2. An apparatus for transporting bulk material through a cement cooler, comprising a gas-permeable protective layer of bulk material and a plurality of grate bars which are arranged one behind another and spaced apart from one another on gas-permeable protective layer such that they can move between a return stroke position and a forward stroke position,

the grate bars each having a forward stroke face that is inclined with respect to a bulk material conveying direction and a flat rear face, each grate bar comprising a molded section configured in the forward stroke position together with the protective layer to form a cavity that is closed off with respect to the bulk material.

3. The apparatus as claimed in claim 2, wherein each grate bar rests with its rear face and its forward stroke face on a section of the protective layer which is arranged in various planes parallel to the forward stroke direction of the grate bar.
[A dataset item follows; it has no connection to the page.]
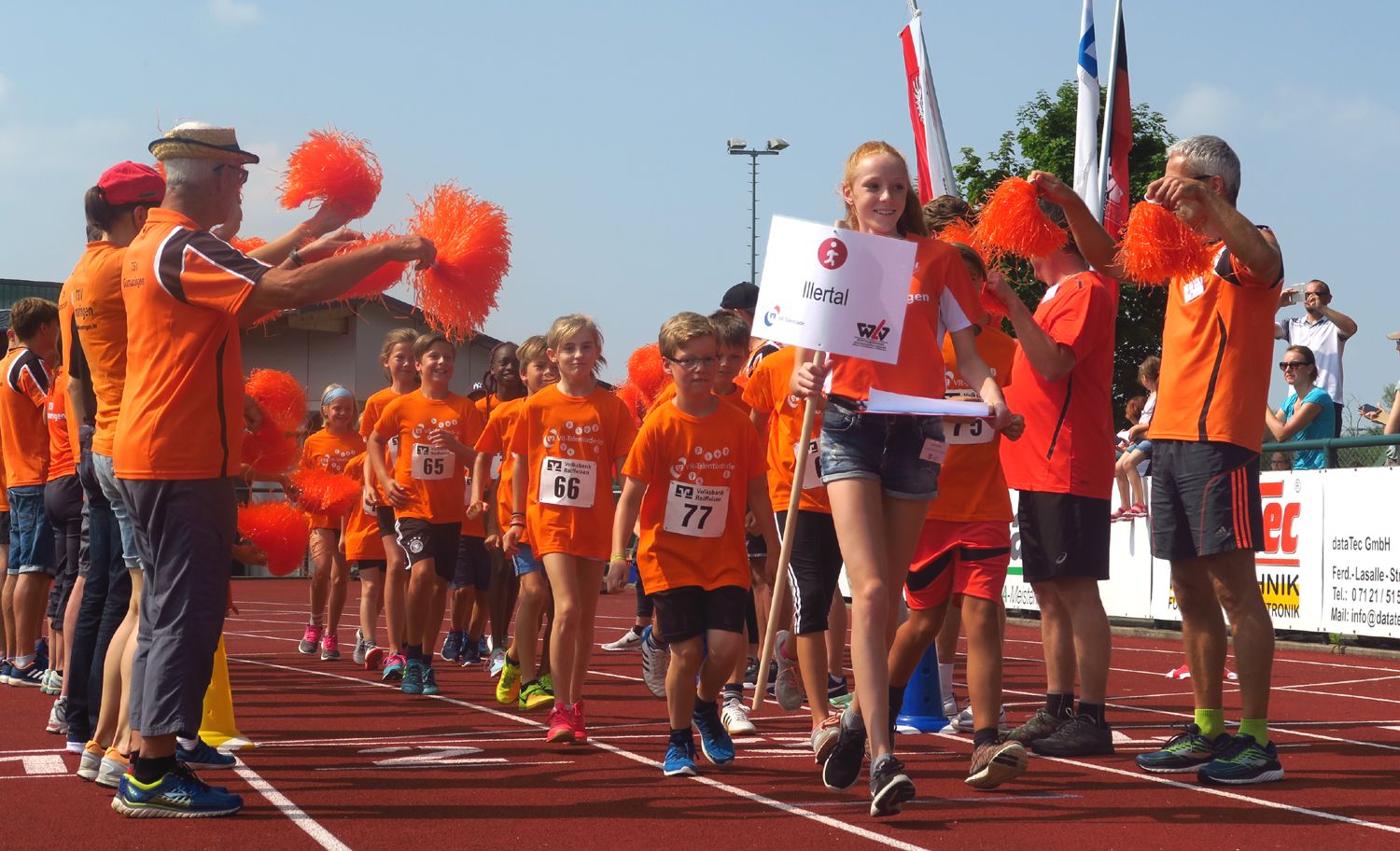 Beim Einmarsch durch das Spalier der Gomaringer Helfer, unter denen auch einige Topathleten, wie Gianni Seeger oder Karolin Sauer waren, fühlten sich die Kinder „richtig prominent“, wie eins der Mädchen beeindruckt äußerte. Eine kurze Begrüßung durch Bürgermeister Steffen Hess, ein fetziges Aufwärmprogramm mit Alexander Seeger und schon ging es an die Stationen, die im Rundlauf in einer Stunde absolviert wurden: 20 m-Sprint, 40 m-Hürdensprint, Weitsprung und Heulerballwurf wurden von den 9 Teams ohne große Wartezeiten durchlaufen, und auch die anschließenden stimmungsvollen Staffelläufe gingen reibungslos vonstatten. Nach drei Stunden war sogar schon die Siegerehrung durch, die vom Marketingleiter der Volksbank Tübingen, Alexander Pahl, und vom Jugendwettkampfwart des WLV, Johannes Lohrer, durchgeführt wurde. Für die große und großzügige Unterstützung durch den Sponsor Volks- und Raiffeisenbanken, die Gemeinde Gomaringen und den örtlichen TSV sei an dieser Stelle nochmals ein herzliches Dankeschön gesagt.

4. The apparatus as claimed in claim 2 or 3, wherein each forward stroke face has a forward stroke active area perpendicular to the forward stroke direction of the grate bar which is greater than a return stroke active area of the rear face perpendicular to the forward stroke direction of the grate bar.

5. The apparatus as claimed in claim 2 or 3, wherein each grate bar has an angled section forming the forward stroke face.
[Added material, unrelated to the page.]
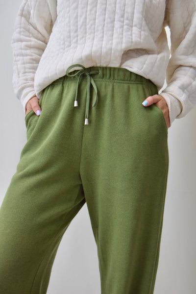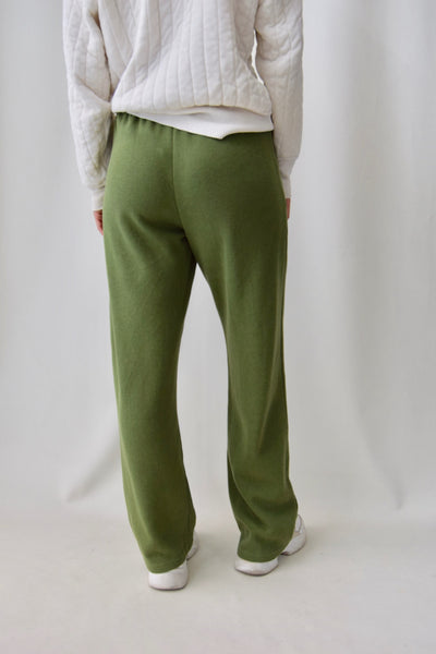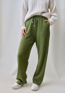 Knit Green Lounge Pants With Elastic Waist And Tie. Two Hip Pockets.

6. The apparatus as claimed in claim 2 or 3, wherein each grate bar comprises a profiled piece which is open at the bottom, the forward stroke face being formed by at least an outer side of the profiled piece and the rear face being formed by at least a further outer side of the profiled piece.
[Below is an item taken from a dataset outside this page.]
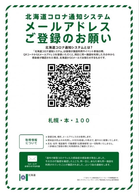 ご乗車の際に掲示されたQRコードからEメールアドレスをご登録いただくと、同日に同一車両を利用した方の中から新型コロナウイルスに感染した方が確認された場合、北海道からEメールでお知らせするものです。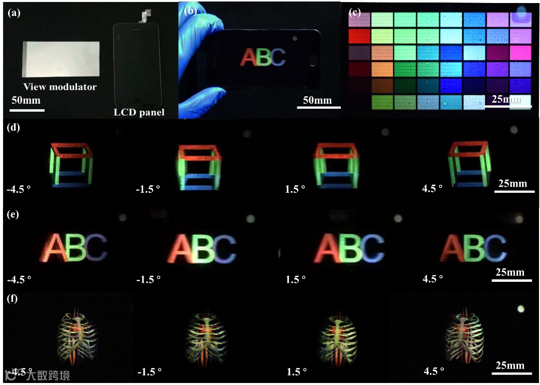 传统几何光学,其透镜受数值孔径和波长限制,焦深难以展宽。微纳光学的发展为研究人员研制超长焦深的薄膜透镜阵列提供了一种全新的设计思路。研究团队通过优化薄膜透镜的微结构分布,在获得高质量成像性能的前提下,扩展了薄膜透镜的焦深。创新性地基于超长焦深薄膜透镜阵列研制的向量光场3D显示屏,在准直光下形成会聚视点,实现了具有良好运动视差、高光效、大观看范围的全彩色3D显示。该研究成果在消费电子领域具有应用潜力,有望为消费者及厂商带来“3D模式盛宴”(图4)。

7. The apparatus as claimed in claim 2 or 3, wherein each forward stroke direction the grate bar is inclined with respect to the conveying direction.

8. The apparatus as claimed in claim 7, wherein each forward stroke direction of the grate bar is oblique to the conveying direction.

9. The apparatus as claimed in claim 2 or 3, wherein each edge region of the rear face facing away from the forward stroke direction has a chamfer formed thereon.

10. The apparatus as claimed in claim 2 or 3, wherein each grate bar can moved on a curved path between a return stroke position and a forward stroke position.

11. The apparatus as claimed in claim 2 or 3, wherein each grate bar is arranged such that it can pivot about an axis.

12. The method as claimed in claim 1, wherein the bulk material is cement clinker.

13. The apparatus as claimed in claim 2, wherein the bulk material is cement clinker.

14. The apparatus as claimed in claim 2 or 3, wherein the apparatus is configured so that the forward stroke face moves into cavity when in the return stroke position.

15. The apparatus as claimed in claim 14, wherein each forward stroke face has a forward stroke active area perpendicular to the forward stroke direction of the grate bar which is greater than a return stroke active area of the rear face perpendicular to the forward stroke direction of the grate bar.

16. The apparatus as claimed in claim 14, wherein each grate bar has an angled section forming the forward stroke face.

17. The apparatus as claimed in claim 14, wherein each grate bar comprises a profiled piece which is open at the bottom, the forward stroke face being formed by at least an outer side of the profiled piece, and the rear face being formed by at least a further outer side of the profiled piece.

18. The apparatus as claimed in claim 14, wherein each forward stroke direction of the grate bar is inclined with respect to the conveying direction.

19. The apparatus as claimed in claim 18, wherein each forward stroke direction of the grate bar is oblique to the conveying direction.

20. The apparatus as claimed in claim 14, wherein each edge region of the rear face facing away from the forward stroke direction has a chamfer formed thereon.

21. The apparatus as claimed in claim 14, wherein each grate bar can be moved on a curved path between a return stroke position and a forward stroke position.

22. The apparatus as claimed in claim 14, wherein each grate bar is arranged such that each grate bar can pivot about an axis.